*TASK PROMPT*: Look below for the line containing "- Rozpocznij prasowanie: po", then write out that line and every line after it to the end, exactly, minus the pictures.

*INFORMATION SUPPLIED*:
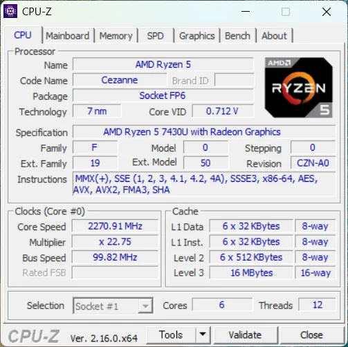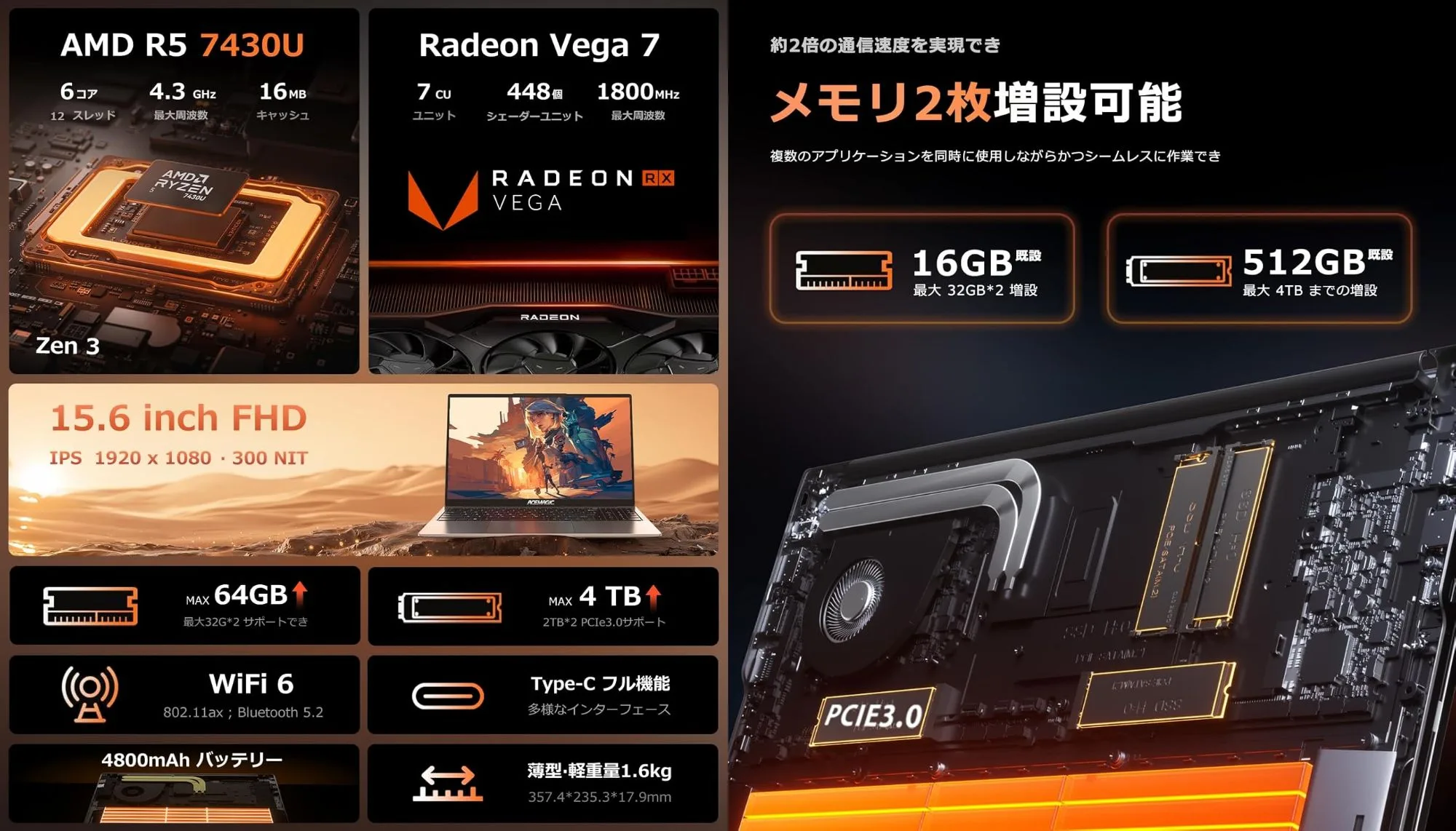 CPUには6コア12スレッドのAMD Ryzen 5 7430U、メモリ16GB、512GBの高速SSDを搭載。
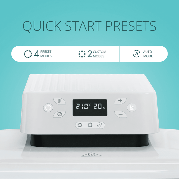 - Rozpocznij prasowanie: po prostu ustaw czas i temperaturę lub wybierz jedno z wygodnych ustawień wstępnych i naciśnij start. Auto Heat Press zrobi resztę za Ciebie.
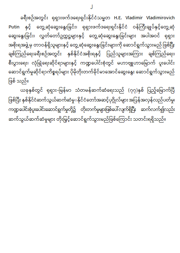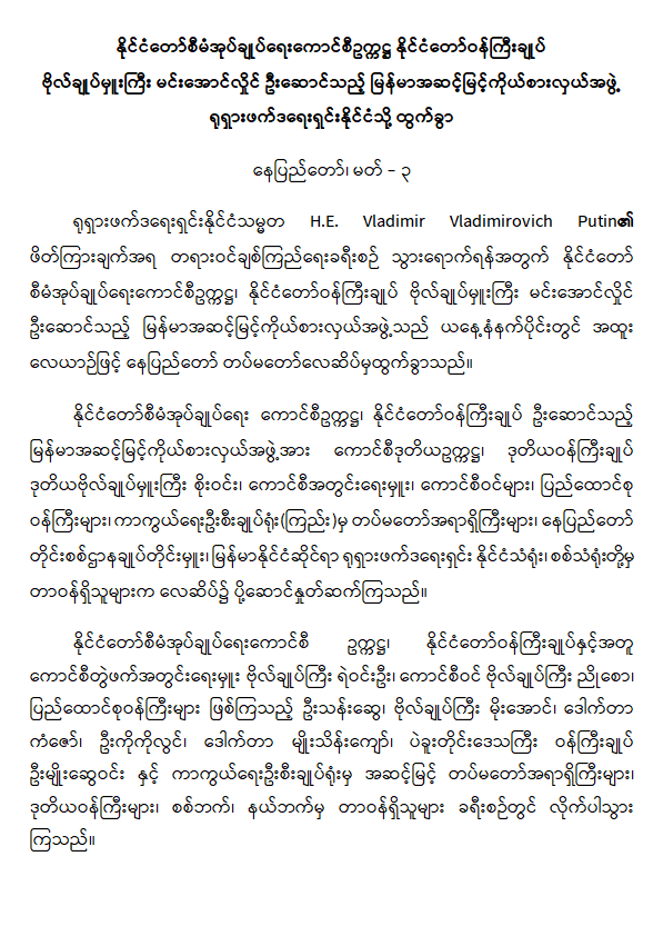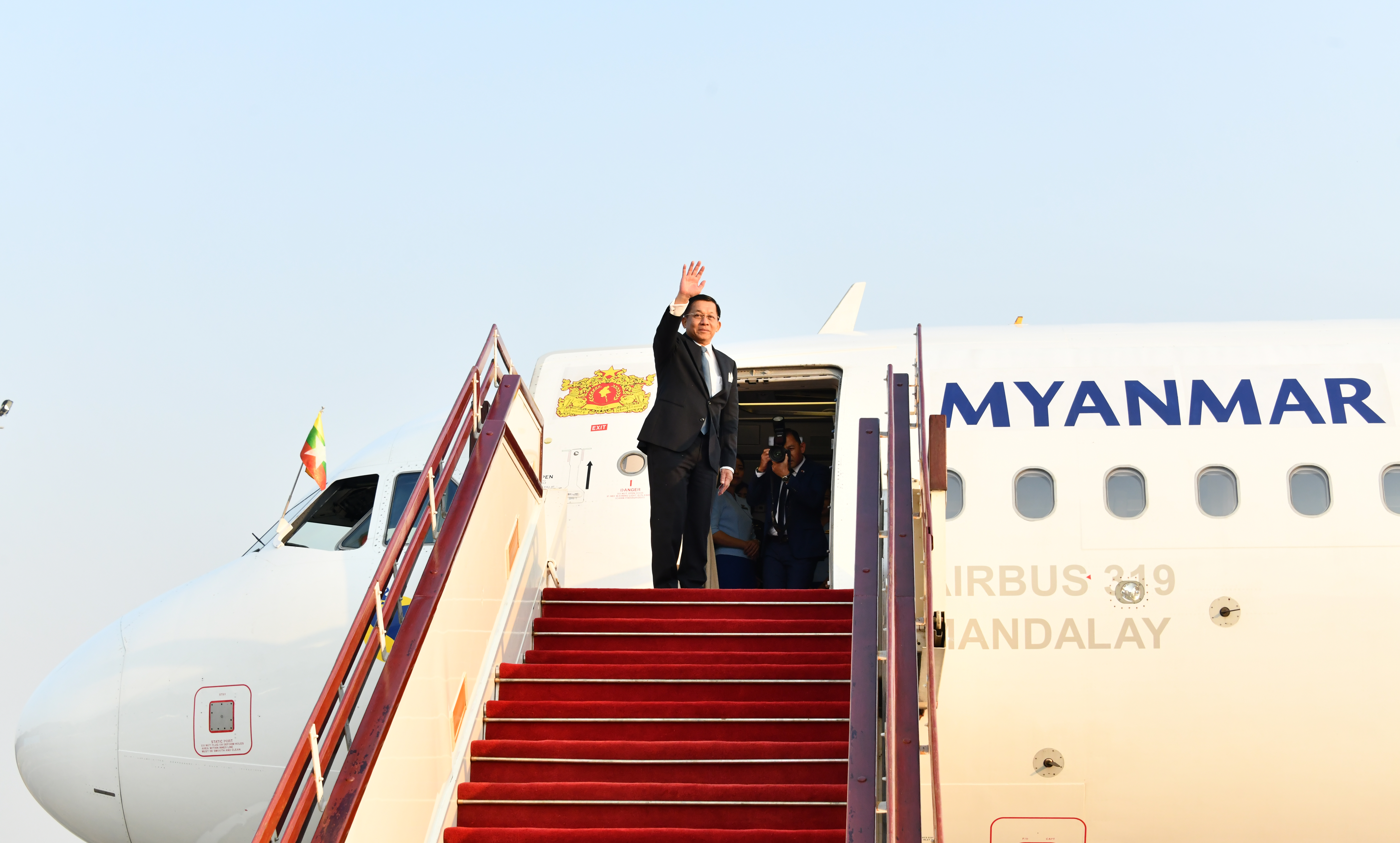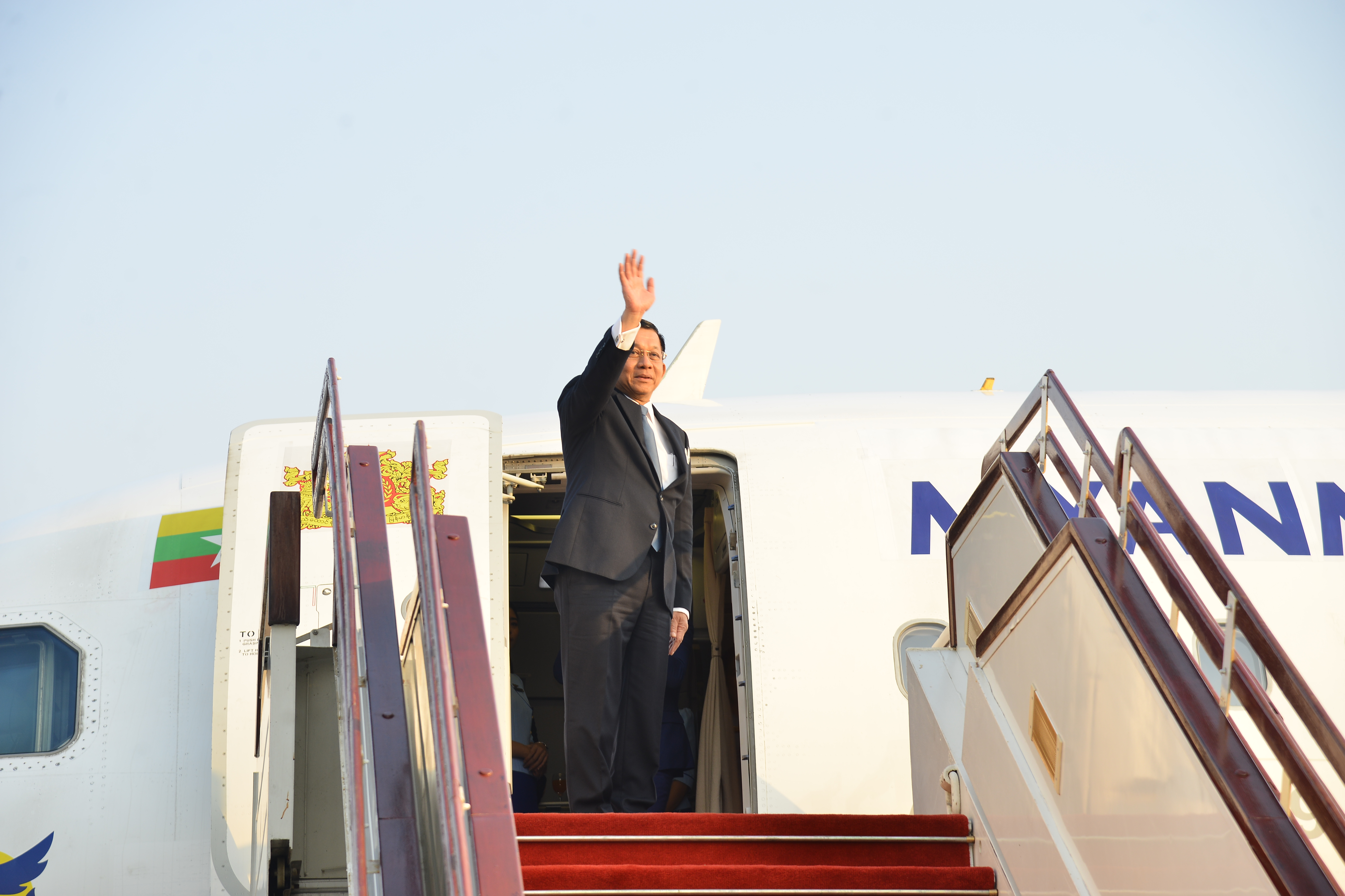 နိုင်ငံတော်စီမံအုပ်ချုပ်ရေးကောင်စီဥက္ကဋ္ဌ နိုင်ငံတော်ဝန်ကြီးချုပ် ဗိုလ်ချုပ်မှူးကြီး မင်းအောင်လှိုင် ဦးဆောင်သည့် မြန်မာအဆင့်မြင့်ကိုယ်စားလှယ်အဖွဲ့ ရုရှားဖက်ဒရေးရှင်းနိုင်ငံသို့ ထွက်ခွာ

*ANSWER SPACE*:
 - Rozpocznij prasowanie: po prostu ustaw czas i temperaturę lub wybierz jedno z wygodnych ustawień wstępnych i naciśnij start. Auto Heat Press zrobi resztę za Ciebie.
 နိုင်ငံတော်စီမံအုပ်ချုပ်ရေးကောင်စီဥက္ကဋ္ဌ နိုင်ငံတော်ဝန်ကြီးချုပ် ဗိုလ်ချုပ်မှူးကြီး မင်းအောင်လှိုင် ဦးဆောင်သည့် မြန်မာအဆင့်မြင့်ကိုယ်စားလှယ်အဖွဲ့ ရုရှားဖက်ဒရေးရှင်းနိုင်ငံသို့ ထွက်ခွာ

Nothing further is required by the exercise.